Пока Себастьян просыпался, а его сестра приводила себя в порядок в ванной, отец ушел на кухню приготовить завтрак. Он растопил плиту, поставил сковородку, налил масла, и, подождав, пока сковорода накалится, залил овсянку кипяченым молоком, и разбил 6 яиц на сковородку. Масло затрещало, полетели брызги капель. Он быстро, чтобы не испачкать одежду, накрыл сковороду крышкой, прежде немного сверху посыпав солью саму яичницу. Овсянка уже почти запарилась, осталось лишь добавить сахара и варенья. В одну он добавил и то и другое, как любит Себастьян, а во вторую лишь немного сахара. И сразу поставил на стол.

– Привет, пап, – прозвучал голос дочери сзади. Она подошла к отцу и нежно поцеловала его в щеку, одарив милейшей улыбкой и сразу же уселась за стол.

– Привет, Маш, приятного аппетита, – ответил отец, переставляя сковороду с яичницей на другую панель. Он подождал, пока она остыла и стал перекладывать яйца по тарелкам. – Твой брат собирается идти? – спросил он.

– Та должен бы. Голодным он же не пойдет в школу. Овсянка с сахаром? – переспросила дочь, поднеся ложку ко рту.

– Совсем немного, как ты и любишь, – отец подошел к ней, улыбнулся и поставил тарелки с яичницей на стол и три стакана сока.

Себастьян быстрым шаго зашел на кухню и сел сразу за стол. Он был одет в легкую, просторную рубашку белого цвета и синие джинсы. Он ничего не говорил, а лишь молча сел и так же молча за две секунды, как впроголодь, съел все приготовленное отцом. Пока Маша только закончила кашу, Себастьян уже собрался, поставил посуду в машинку и, смотря в свой телефон, пошел на улицу, к машине.

– Спасибо, пап, – кратко и тихо ответил он у двери и вышел, все также глядя в смартфон.

Отец тоже закончил свою яичницу, он гренкой собрал оставшийся желток с тарелки, загрузил и пошел за сыном

– Я что, сама остаюсь? – грустным тоном спросил Маша, доедая второе яйцо

– Так давай быстрее, – ответил отец, – а то опоздаете на занятия, а я на работу.

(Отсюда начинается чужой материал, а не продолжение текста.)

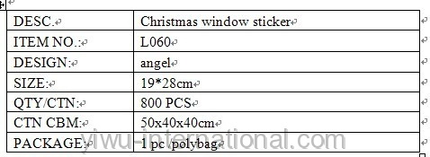 this L060 angle window sticker–christmas window sticker which use the PVC material, has good quality and reasonable price.Yiwu International Trade Co.,Ltd can provide you christmas deccoration, christmas oranments,candle holder, christmas gift, christmas ball and so on.welcome to connect us.

Она забросила остатки яйца себе в рот, и с набитыми щеками, пытаясь переживать, последовала за отцом на улицу. Ее тарелки так и остались стоять на столе.

Они сели в машину и поехали в школу. На часах было 08:22. Занятия начинались ровно в 9, как и его работа. Он понимал, что уже опоздал, и его ждет очередной штраф, но ничего не поделать. Оставалось лишь торопиться, поэтому он вжал педаль и поехал. К школе они подъехали ровно в половину. Дети быстро выпрыгнули с машины и побежали на занятия, а отец развернулся и рывком полетел на работу. Он сидел в машине и торопился, но мысли его не покидало общение с сыном. Он любил его, но все равно между ними была стена, и как ее преодолеть, он не знал. Он сначала пытался это спихнуть на возраст, но ему уже 17 лет, это уже далеко не переходной возраст, это взрослый человек, и именно поэтому он еще больше хотел с ним сблизиться, ведь кто тебе может стать лучшим другом, как не сын, и он пытался идти на контакт, но тот пока не сильно отвечал взаимностью, хоть отец и понимал, что Себастьян его любит, но доверия у них не было.

Зазвонил телефон. На дисплее высветилось имя Дима. Отец ответил.

– Да, слушаю, Дим.

– Никит, ты вообще где шляешься?

– Еду я, еду, – закричал Никита.

– Я тебя то прикрыл, но не уверен, что это сейчас поможет.

– Что. Все так плохо? – спросил Никита, скривившись.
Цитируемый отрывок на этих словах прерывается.